Dívida preocupa emergentes?
Banco Central do BrasilO Estado de S. Paulo/Nacional - Economia
quarta-feira, 17 de fevereiro de 2021
Banco Central - Perfil 1 - DéficitClique aqui para abrir a imagemOs ministros das finanças do passado ficariam
chocados com a quantidade de empréstimos com que
seus sucessores estão lidando agora. Mas ficariam
igualmente pasmos ao ver como esse empréstimo
acabou saindo barato. Em muitos países, espera-se que
a taxa de juros da dívida pública permaneça abaixo da
taxa de crescimento nominal da economia. Em outras
palavras, a "taxa de juros corrigida pelo crescimento"

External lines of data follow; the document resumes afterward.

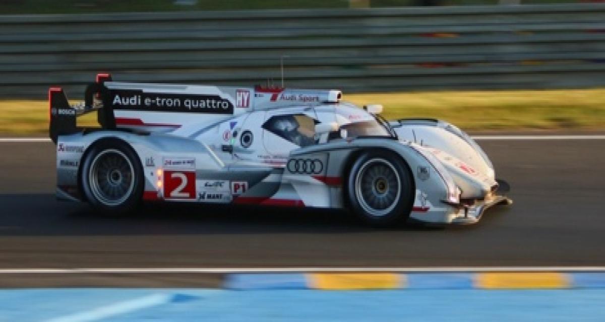 Le problème est survenu lorsque la Corvette no74, bloquée en piste, a obligé Marcel Fässler à un tout droit où le pilote Audi a tapé la barrière de pneus de l’arrière. Fässler a du repasser à son stand pour changer le capot et l’aileron, ce qui a permis à Tom Kristensen de passer. Les deux autos roulent maintenant ensemble, la no1 à quelques secondes de la no2 et aucune consigne n’a été donnée, le duel va être passionnant. Les Audi sont maintenant aux quatre premières positions, la no3 avec Loïc Duval au volant ayant passé la Lola-Toyota no12 et alignant les meilleurs tours en course à défaut de pouvoir revenir sur la tête de la course. A 9 tours, il est trop loin.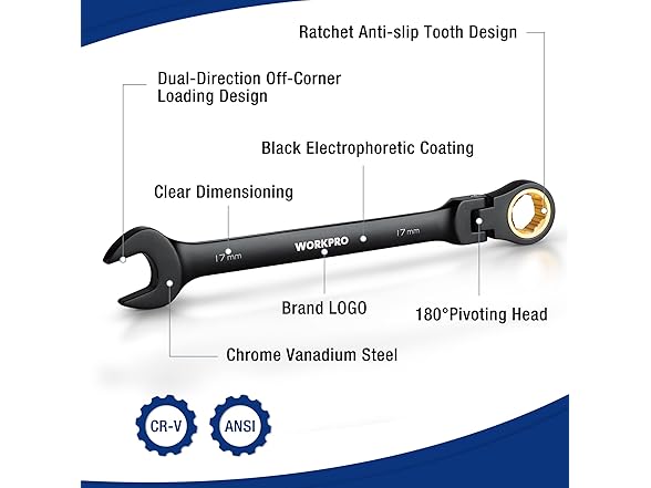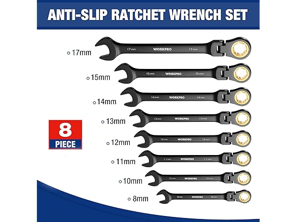 WORKPRO 8pc Flex Ratchet Wrench Metric 8mm-17mm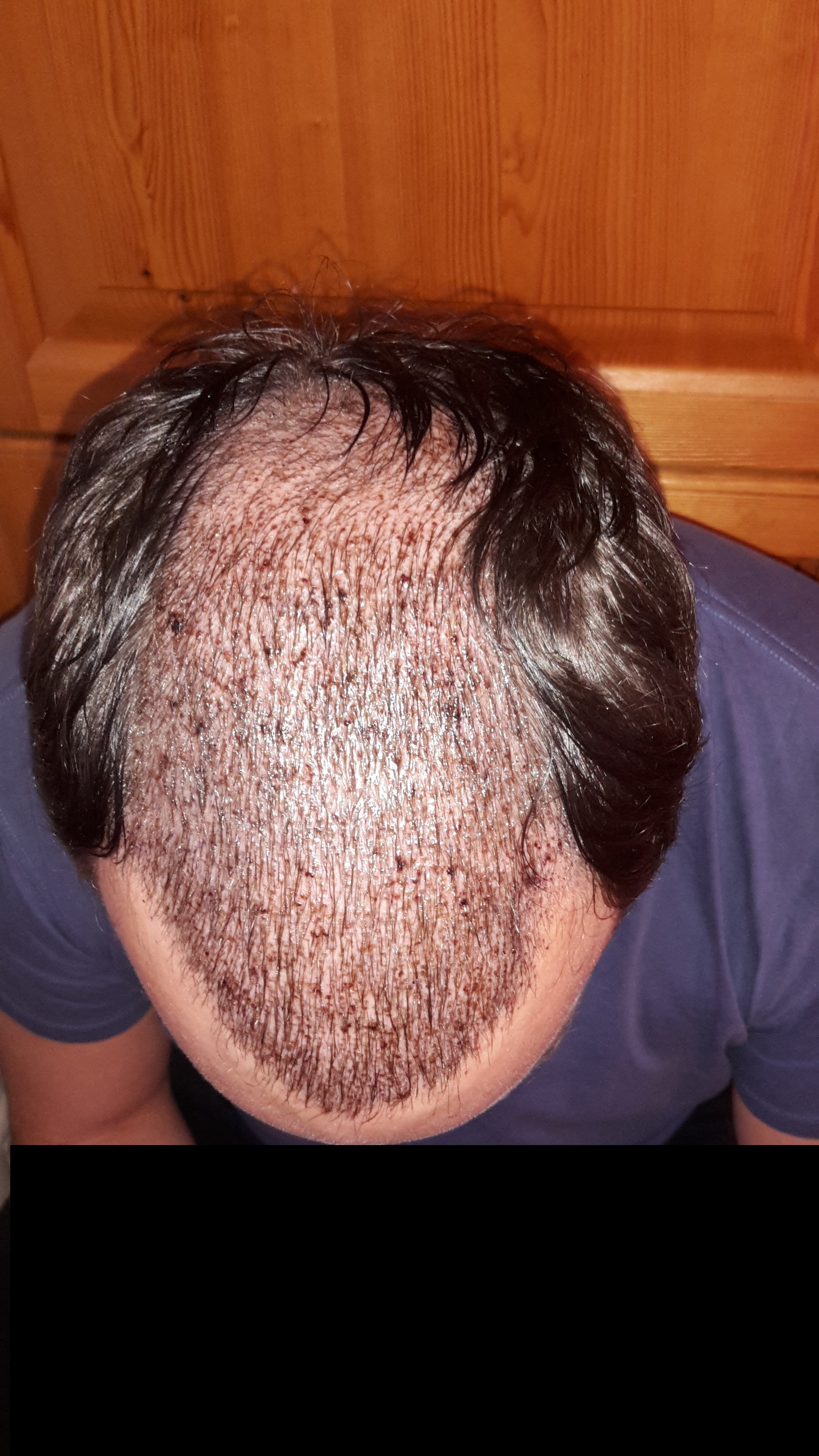 Meine Freundin hat mir am Tag 12 (30.12) die Klammern entfernt. So froh ich bin das die Dinger draußen sind, so schmerzhaft war es teilweise. Insgesamt waren es 52 Teufelskerlchen, ein paar gingen echt gut und ohne Schmerzen raus. Der Rest war sehr unangenehm. Vor allem wenn der ganze Hinterkopf schon schmerzt und dann sind immer noch 20 Klammern drin Sad. Die Haare habe ich mir direkt danach auf 0,7 mm rasiert.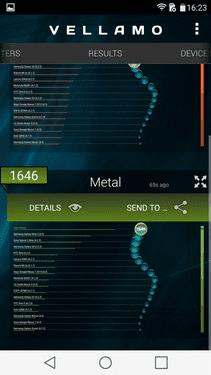 在“Vellamo”测试中,Qualcomm骁龙808测试设备“HTML5项”得分为1984分,而“Metal项”得分为1646分。若是与骁龙810测试设备在该轮测试中的得分进行对比,我们不难发现二者的差距。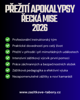 | 25.07. - 08.08.2026 (15 dnů) | 6 - 17 | 90 | 50 | 9 998 Kč (Do 25. ledna 2026 lze uplatnit 5% slevu za včasné) |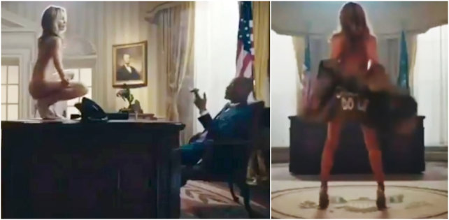 В нем он восседает в Овальном кабинете и смотрит, как девушка, изображающая Меланию Трамп, танцует для него стриптиз. Все это выглядит весьма откровенно, особенно когда фальшивая Первая леди запрыгивает на стол в обнаженном виде, а затем разрисовывает красным глаза на портрете Трампа.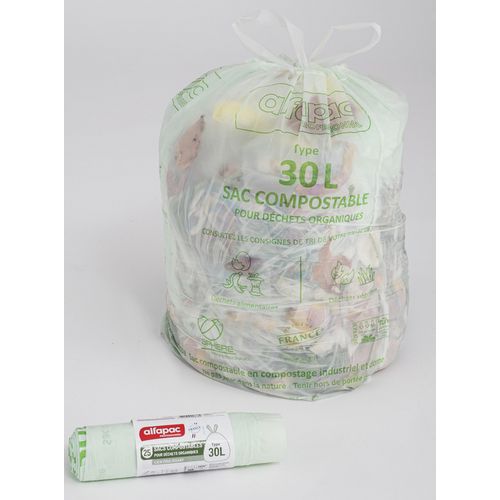 | Nome do artigo | Saco de lixo – atilho deslizante – resíduos orgânicos 30 L – Alfapac, Capacidade: 30 L, Espessura: 18 µm |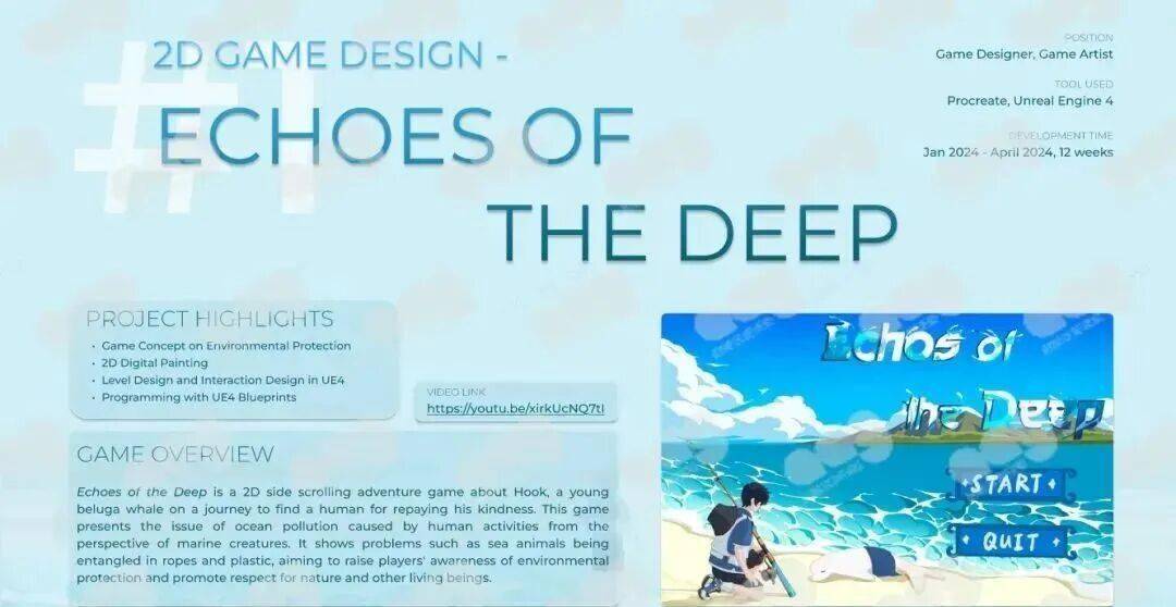 她的作品集从独立游戏到材质研究,全景展开。例如她的主项目之一《Echoes of the Deep》,是一款以“海洋环保”为背景的沉浸式独立游戏,玩家在其中扮演潜水员,解救被困的海洋生物,并通过改造装置清理污染物。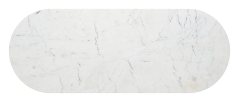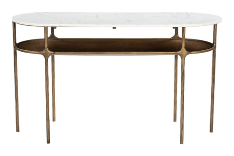 The Bild Console Table in White & Brass is a sophisticated addition to any contemporary living space. The marble top and iron frame combine to create a striking contrast between the white surface and brass accents. Ideal for entryways, living rooms, or hospitality settings, this console table offers both functionality and modern flair. Features: Assembly required, Natural Marble oval shape tabletop, Rubber feet help prevent floor scratches, Shelf: 48.7" W x 17.2" D x 6" H, Supports up to 35 lb. Dimensions: 50" W x 18.9" D x 28.3" H. Weight: 97,5 lbs.

será negativa. É o que acontecerá em todos os países
ricos em 2023, de acordo com projeções publicadas no
início deste mês pela agência de classificação de risco
S&P Global.
Esse cenário levou economistas como Olivier
Blanchard, ex-economista-chefe do FMI, a repensar os
limites fiscais de países como Estados Unidos, Japão e
membros da zona do euro. Os governos não deveriam
"se concentrar em algum número mágico para a relação
dívida/PIB", disse no mês passado em palestra na
Universidade Ashoka, na Índia. Esses números "foram
contraproducentes no passado; e seriam ainda mais
agora".
Não é só nos países ricos que a aritmética fiscal parece
estar de cabeça para baixo. Em 53 das 60 maiores
economias emergentes, a taxa de juros deve ficar
abaixo da taxa de crescimento. Em alguns casos, de
maneira espetacular. A S&P espera que a taxa de juros
corrigida pelo crescimento em 2023 seja de -3,6% na
Índia, -6,5% na China e -33,8% na Argentina.As economias emergentes também deveriam repensar
seus limites fiscais? Algumas o fizeram sem pensar
duas vezes. O orçamento da Índia este mês previu um
déficit de 9,5% do PIB no ano fiscal (o déficit geral,
que inclui as finanças do estado, poderia chegar a 15%
do PIB, calcula o banco JPMorgan Chase) e não
ofereceu nenhum plano para reduzi-lo abaixo do limite
de 3% prescrito pelas regras fiscais anteriores. A última
pesquisa do principal conselheiro econômico do
governo aponta que a taxa de juros da Índia tem estado
abaixo de sua taxa de crescimento "como norma, não
como exceção". Citando o trabalho de Blanchard, a
pesquisa tenta "fornecer a âncora intelectual para o
governo ficar mais relaxado em relação à dívida e aos
gastos fiscais durante uma desaceleração do
crescimento ou uma crise econômica". Mas, embora a
matemática fiscal contrária ao aumento de juros seja a
norma em muitas economias emergentes, os ministros
das finanças também precisam se preocupar com as
exceções.Quando as taxas de juros ficam aquém das taxas de
crescimento, a álgebra orçamentária vira do avesso. Os
governos conseguem manter a dívida estável em
relação ao tamanho da economia, mesmo que gastem
consistentemente em excesso, desde que seus déficits
orçamentários não sejam muito grandes. Se seus
déficits (excluindo os pagamentos de juros) excederem
o limite, o índice da dívida aumentará por algum tempo.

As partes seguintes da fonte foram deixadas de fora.